= Computer-assisted telephone interviewing =

Telephone surveying technique that includes assistance by a software application

Computer-assisted telephone interviewing (CATI) is a telephone surveying technique in which the interviewer follows a script provided by a software application. It is a structured system of microdata collection by telephone that speeds up the collection and editing of microdata and also permits the interviewer to educate the respondents on the importance of timely and accurate data. The software is able to customize the flow of the questionnaire based on the answers provided, as well as information already known about the participant. It is used in B2B services and corporate sales.

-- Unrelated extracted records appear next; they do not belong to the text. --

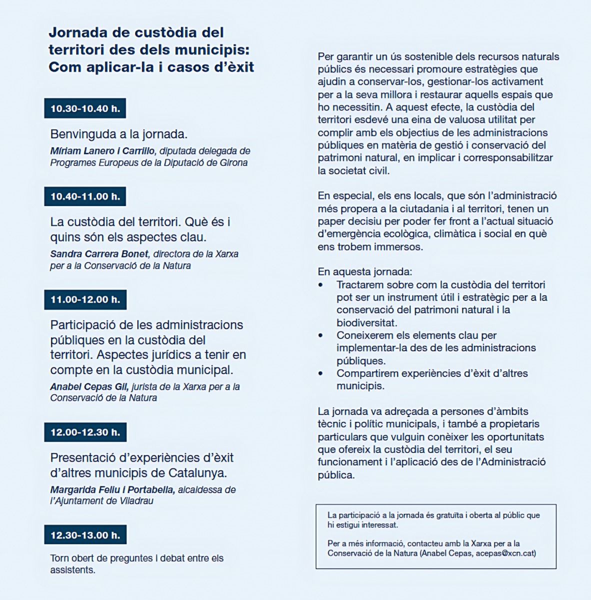 Jornada tècnica adreçada a persones d’àmbits tècnic i polític municipals, i també a propietaris particulars que vulguin conèixer les oportunitats que ofereix la custòdia del territori, el seu funcionament i l’aplicació des de l’Administració pública.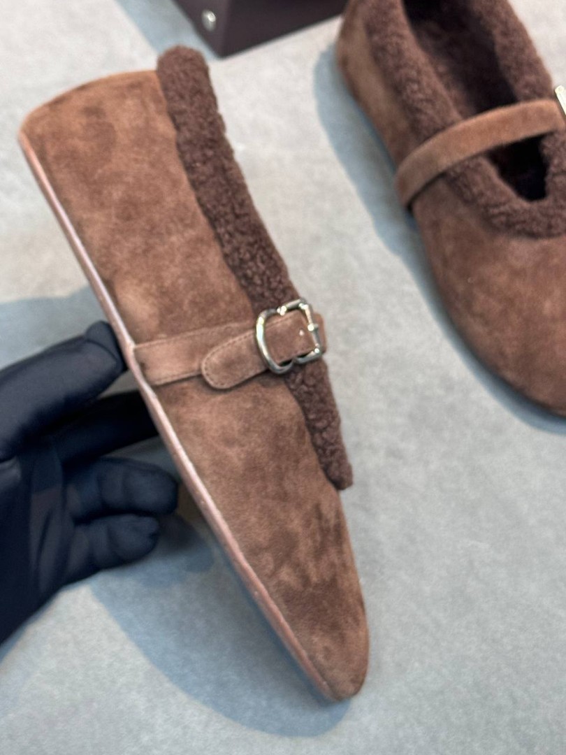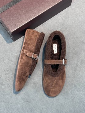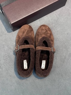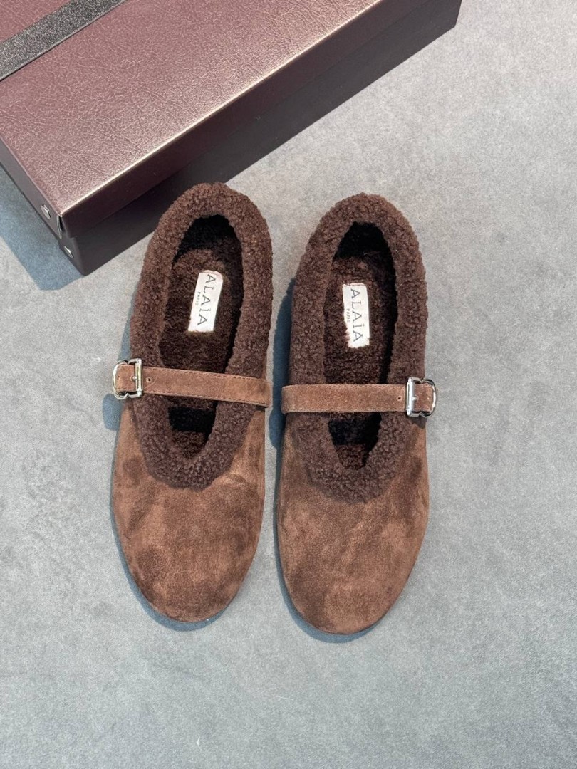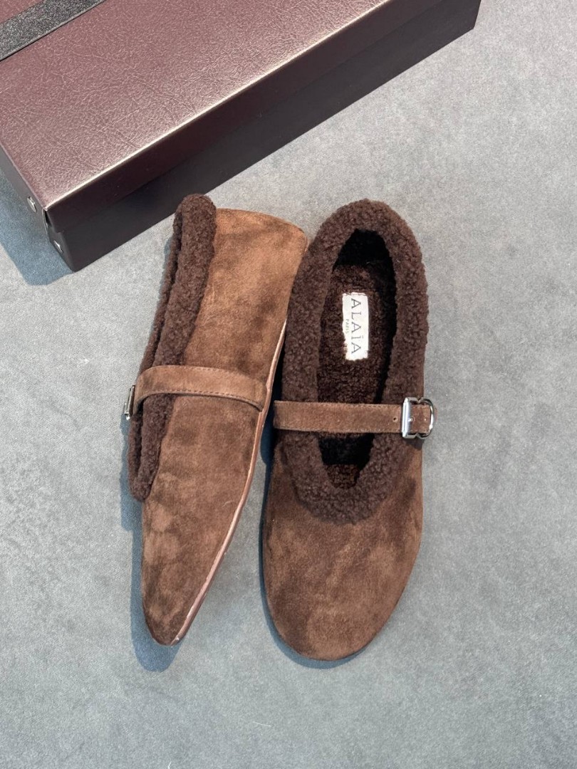 Женские замшевые балетки Alaia коричневые на меху 2025
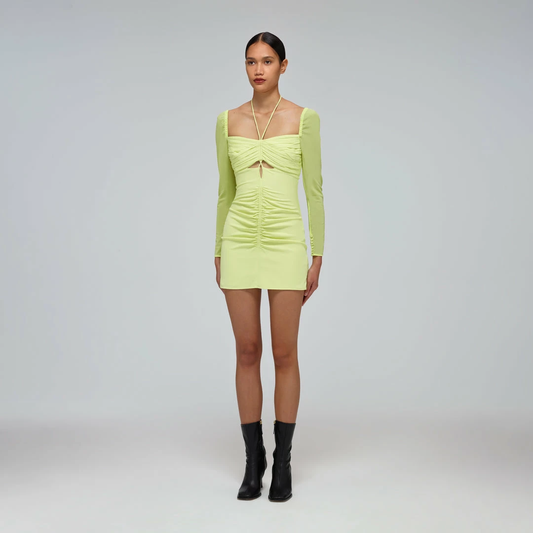 Self-portrait Lime Stretch Crepe Cut Out Mini Dress READY TO WEAR
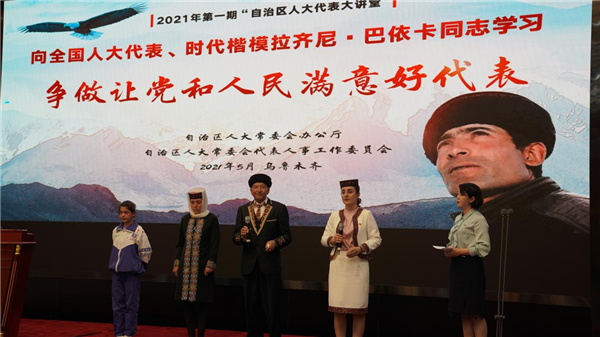 人民網烏魯木齊5月11日電(那衣)“好兄弟,你是帕米爾高原展翅翱翔的雄鷹,請你放心,你牽掛的那片高原,我們會繼續守護……”5月10日,在新疆人民會堂第一期“自治區人大代表大講堂”上,開巴奴·斯提卡達木、古麗白給木·夏夏、崔久秀、木沙江·努爾墩四位人大代表用樸實的語言、生動的事例、真摯的情感,作了一場感人至深、令人深思、催人奮進的演講。訴者悲痛,聞者淚目。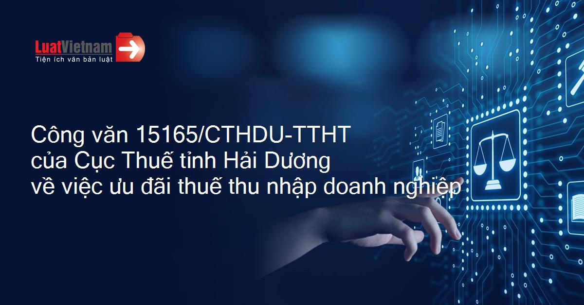 | Số hiệu: | 15165/CTHDU-TTHT | Ngày đăng công báo: | Đang cập nhật |

CATI may function in the following manner:

- A computerized questionnaire is administered to respondents over the telephone.
- The interviewer sits in front of a computer screen.
- Upon command, the computer dials the telephone number to be called.
- When contact is made, the interviewer reads the questions posed on the computer screen and records the respondent's answers directly into the computer.
- Interim and update reports can be compiled instantaneously, as the data are being collected.
- CATI software has built-in logic, which also enhances data accuracy.
- The program will personalize questions and control for logically incorrect answers, such as percentage answers that do not add up to 100 percent.
- The software has built-in branching logic, which will skip questions that are not applicable or will probe for more detail when warranted.
- Automated dialers are usually deployed to lower the waiting time for the interviewer, as well as to record the interview for quality purposes.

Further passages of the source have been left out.